─── Data for the task ───

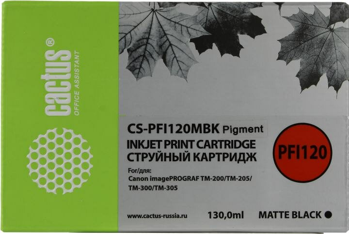 Купить Картридж струйный CACTUS (CS-PFI120MBK) для Canon imagePROGRAF TM-200/TM-205/TM-300, черный матовый
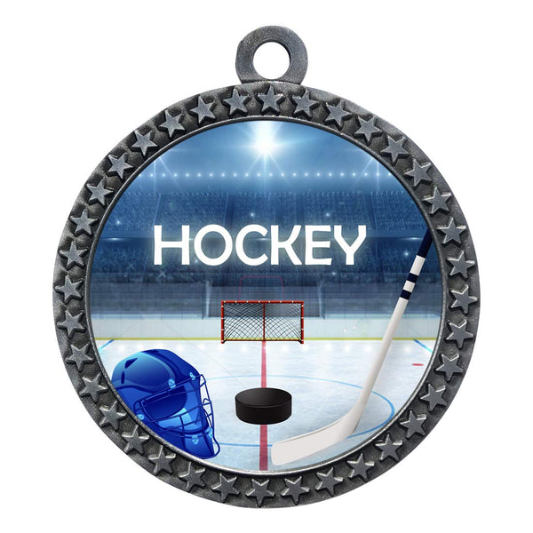 10 Pack of Ice Hockey Silver 2.25 Inch Medals Trophy Awards with Red White Blue Neck Ribbons D212S-EG140-10PK
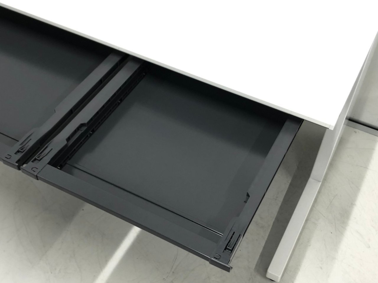 - 地震時、センター引出しが飛び出さないよう、ラッチ機構を装備。脚はデスクの横ズレを軽減させる設計になっています。
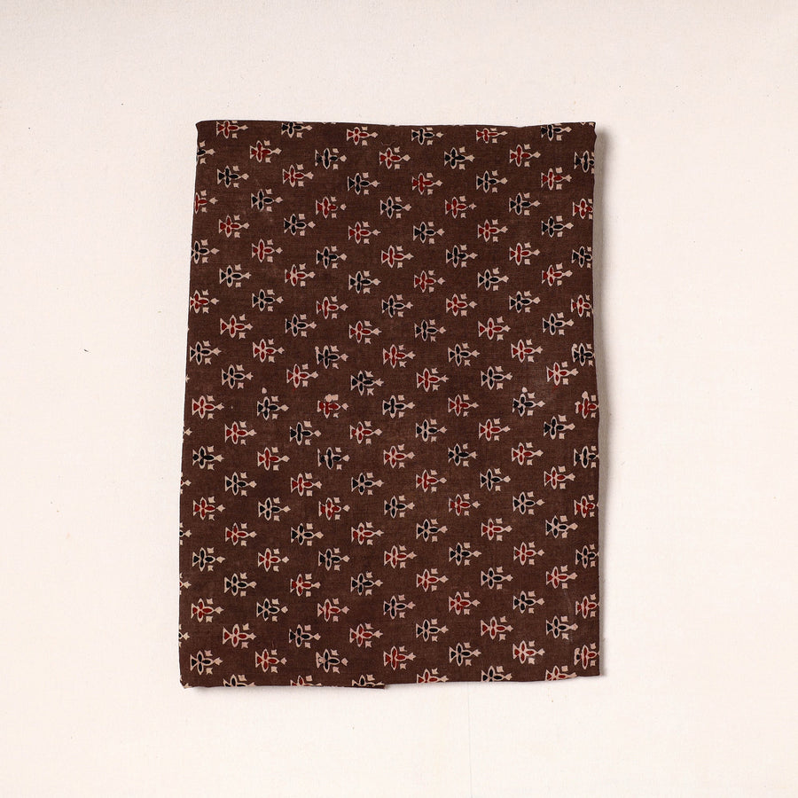 Fine quality brown ajrakh block printed cotton precut fabric, made using natural dyes through traditional ajrakh technique of hand block printing by Abdul Rauph Khatri practised in Kutch region of Gujarat. Perfect for crafting elegant blouses, bags, decorative items, etc., this exquisite textile symbolizes timeless sophistication, adding a touch of elegance to any wardrobe.
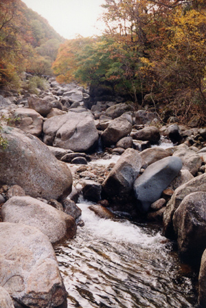 3분여를 걸으니 계곡이 나온다
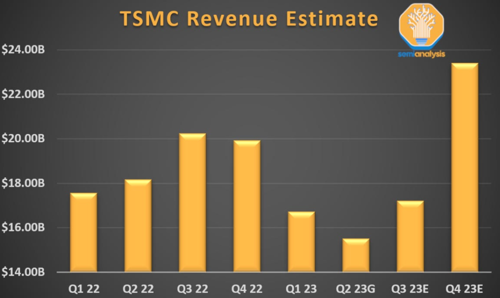 台积电该季度的主要数据是 2023 年第一季度收入下降至 167.2 亿美元,同比下降 4.8%。此外,台积电的第二季度指引暗示情况变得更糟,中点跌至 156 亿美元,同比下降 14.6%。话虽如此,台积电分享了他们的全年指导,这使我们能够回到以下估计。关于 5nm 和 3nm的表现,我们稍后会分享更多。
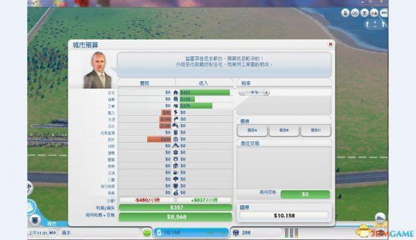 第五步 在预算面板住宅税率点增加到10%,你会发现预算面板住宅收入增加了,收入数值是多少记住。
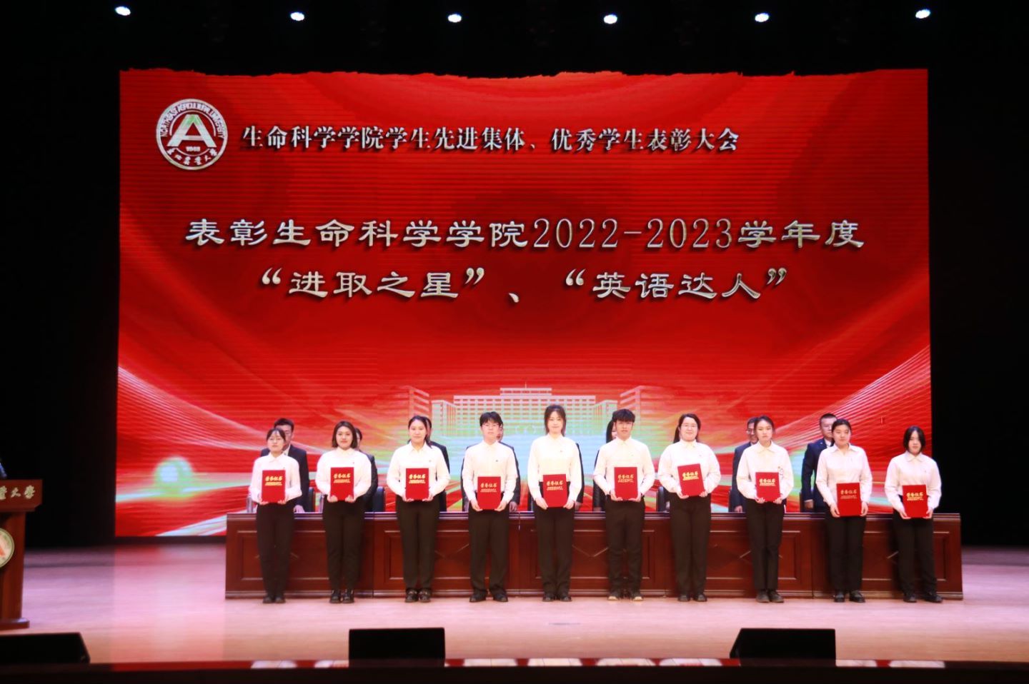 此外,生命科学学院为激励生命学子不言放弃、锐意进取,努力实现自我超越、自我突破,表彰了在2022—2023学年度学习成绩进步显著的同学并授予“进取之星”荣誉称号。同时,结合学科特点,鼓励学生在英语学习中持之以恒、勇攀高峰,表彰了在2022—2023学年度国家英语四六级考试中取得优异成绩的同学并授予“英语达人”荣誉称号。副处级辅导员刘文德宣读了《关于表彰生命科学学院2022-2023学年度进取之星、英语达人的决定》。与会领导共同为获奖集体和个人颁奖。
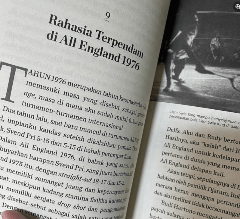 Salah-satunya adalah apa yang disebut penulis sebagai ‘Rahasia Terpendam’ pada final kejuaraan All England tahun 1976, saat dia dikalahkan Rudy Hartono.
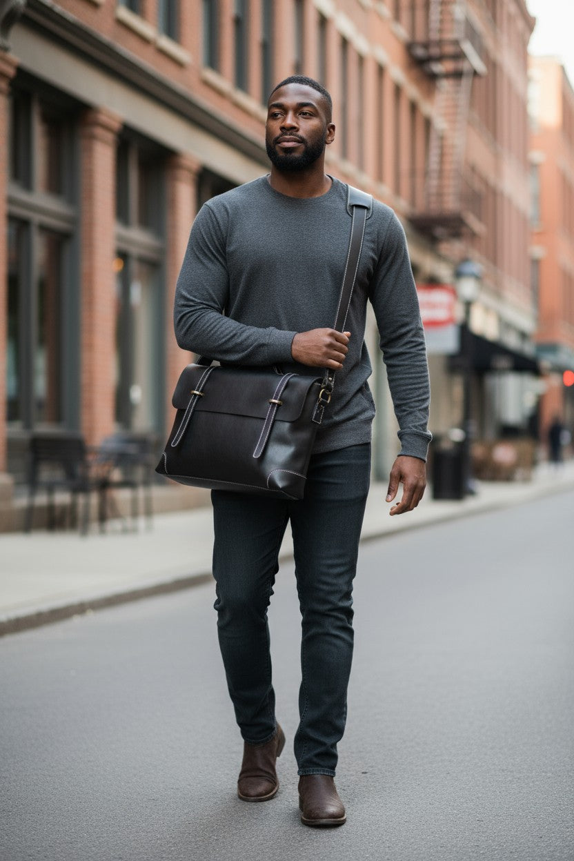 Chez Valmont, nous avons choisi l’essentiel : un cuir pleine fleur rigoureusement sélectionné, des finitions précises et un design utilitaire chic qui traverse les modes.
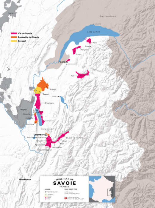 La Savoie c’est 3 AOC régionales (Savoie, Roussette de Savoie et Seyssel) et 20 dénominations géographiques réparties sur 2,100 ha situés à l’est entre le Beaujolais et la Côte du Rhône septentrionale.
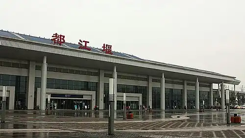 The Dujiangyan railway station (Chinese: 都江堰站; pinyin: Dūjiāngyàn Zhàn) is a railway station of Chengdu–Dujiangyan Intercity Railway. The station located in Guankou, Dujiangyan, Chengdu, Sichuan, China.[1]
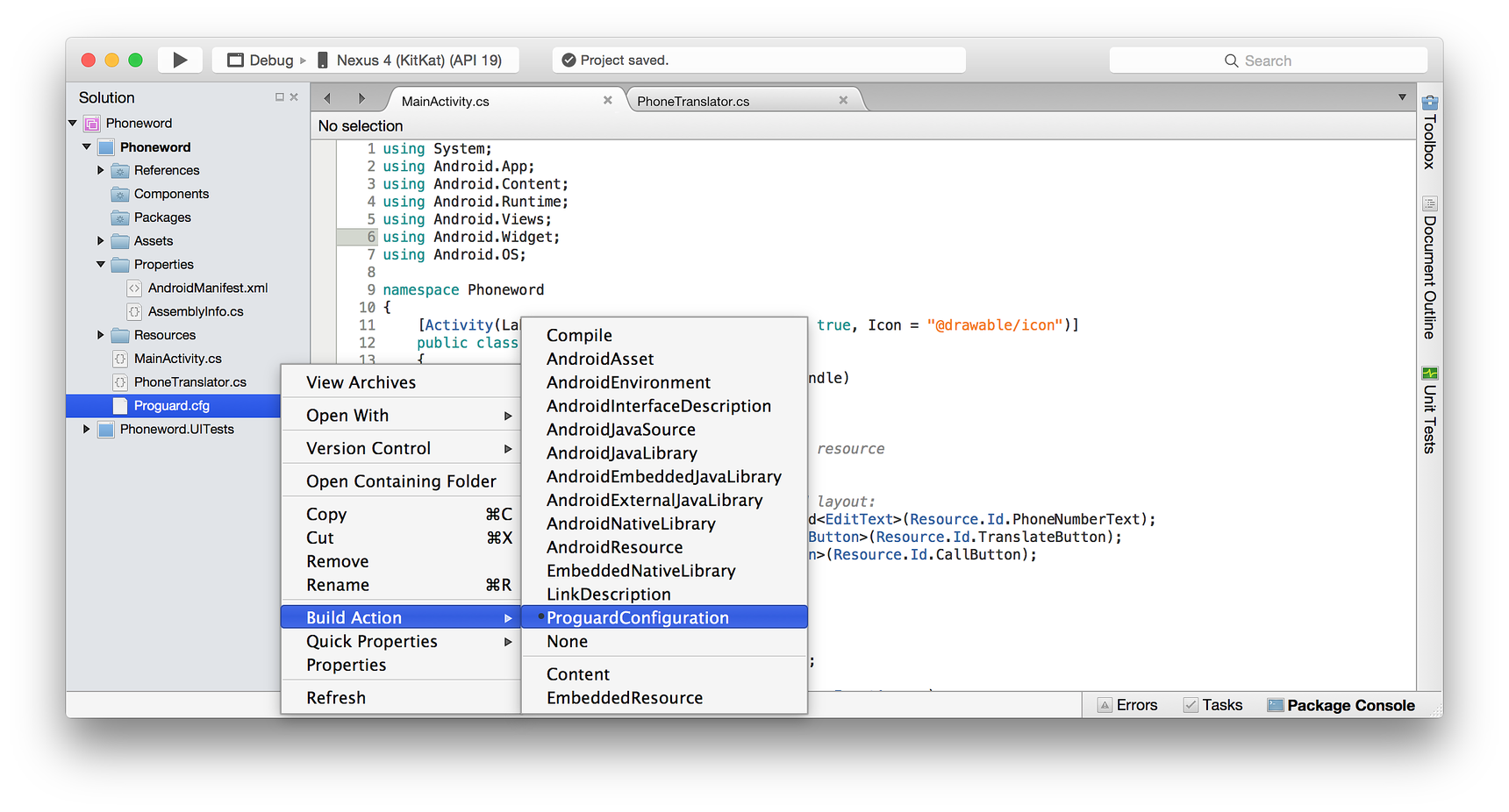 Cuando se activa Habilitar ProGuard , Xamarin.Android ejecuta la herramienta ProGuard en el APK resultante. ProGuard genera y usa un archivo de configuración de ProGuard en tiempo de compilación. Xamarin.Android también admite acciones de compilación personalizadas de ProguardConfiguration . Puede agregar un archivo de configuración de ProGuard personalizado al proyecto, hacer clic con el botón derecho en él y seleccionarlo como una acción de compilación, como se muestra en este ejemplo:
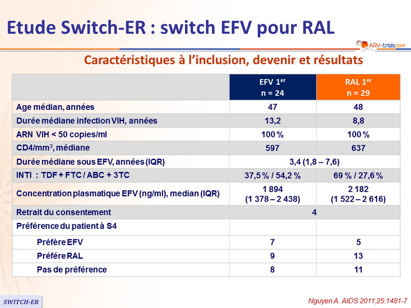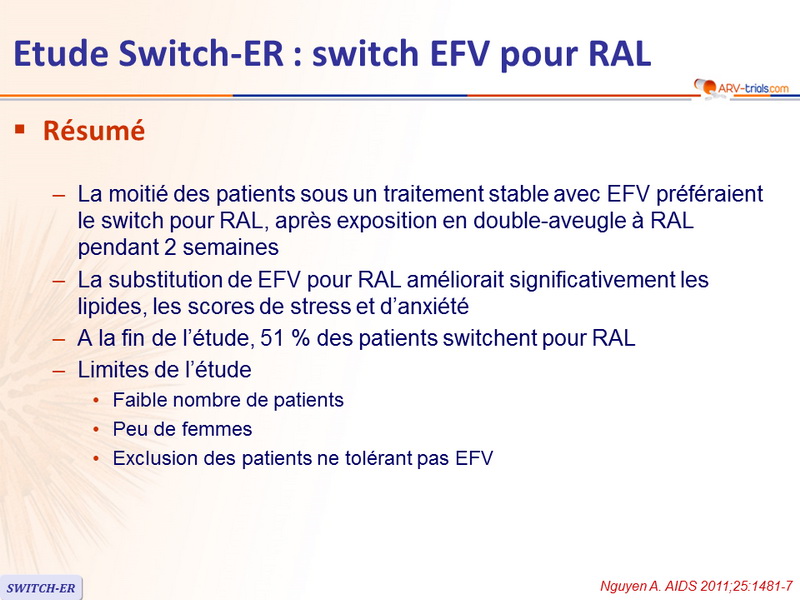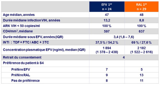 - La moitié des patients sous un traitement stable avec EFV préféraient le switch pour RAL, après exposition en double-aveugle à RAL pendant 2 semaines

───

• [Goal of the exercise]
Please quote exactly the run of lines that starts the entries and ends at the line containing "Chez Valmont, nous", leaving out every picture.

• [Result of this exercise]
 Купить Картридж струйный CACTUS (CS-PFI120MBK) для Canon imagePROGRAF TM-200/TM-205/TM-300, черный матовый
 10 Pack of Ice Hockey Silver 2.25 Inch Medals Trophy Awards with Red White Blue Neck Ribbons D212S-EG140-10PK
 - 地震時、センター引出しが飛び出さないよう、ラッチ機構を装備。脚はデスクの横ズレを軽減させる設計になっています。
 Fine quality brown ajrakh block printed cotton precut fabric, made using natural dyes through traditional ajrakh technique of hand block printing by Abdul Rauph Khatri practised in Kutch region of Gujarat. Perfect for crafting elegant blouses, bags, decorative items, etc., this exquisite textile symbolizes timeless sophistication, adding a touch of elegance to any wardrobe.
 3분여를 걸으니 계곡이 나온다
 台积电该季度的主要数据是 2023 年第一季度收入下降至 167.2 亿美元,同比下降 4.8%。此外,台积电的第二季度指引暗示情况变得更糟,中点跌至 156 亿美元,同比下降 14.6%。话虽如此,台积电分享了他们的全年指导,这使我们能够回到以下估计。关于 5nm 和 3nm的表现,我们稍后会分享更多。
 第五步 在预算面板住宅税率点增加到10%,你会发现预算面板住宅收入增加了,收入数值是多少记住。
 此外,生命科学学院为激励生命学子不言放弃、锐意进取,努力实现自我超越、自我突破,表彰了在2022—2023学年度学习成绩进步显著的同学并授予“进取之星”荣誉称号。同时,结合学科特点,鼓励学生在英语学习中持之以恒、勇攀高峰,表彰了在2022—2023学年度国家英语四六级考试中取得优异成绩的同学并授予“英语达人”荣誉称号。副处级辅导员刘文德宣读了《关于表彰生命科学学院2022-2023学年度进取之星、英语达人的决定》。与会领导共同为获奖集体和个人颁奖。
 Salah-satunya adalah apa yang disebut penulis sebagai ‘Rahasia Terpendam’ pada final kejuaraan All England tahun 1976, saat dia dikalahkan Rudy Hartono.
 Chez Valmont, nous avons choisi l’essentiel : un cuir pleine fleur rigoureusement sélectionné, des finitions précises et un design utilitaire chic qui traverse les modes.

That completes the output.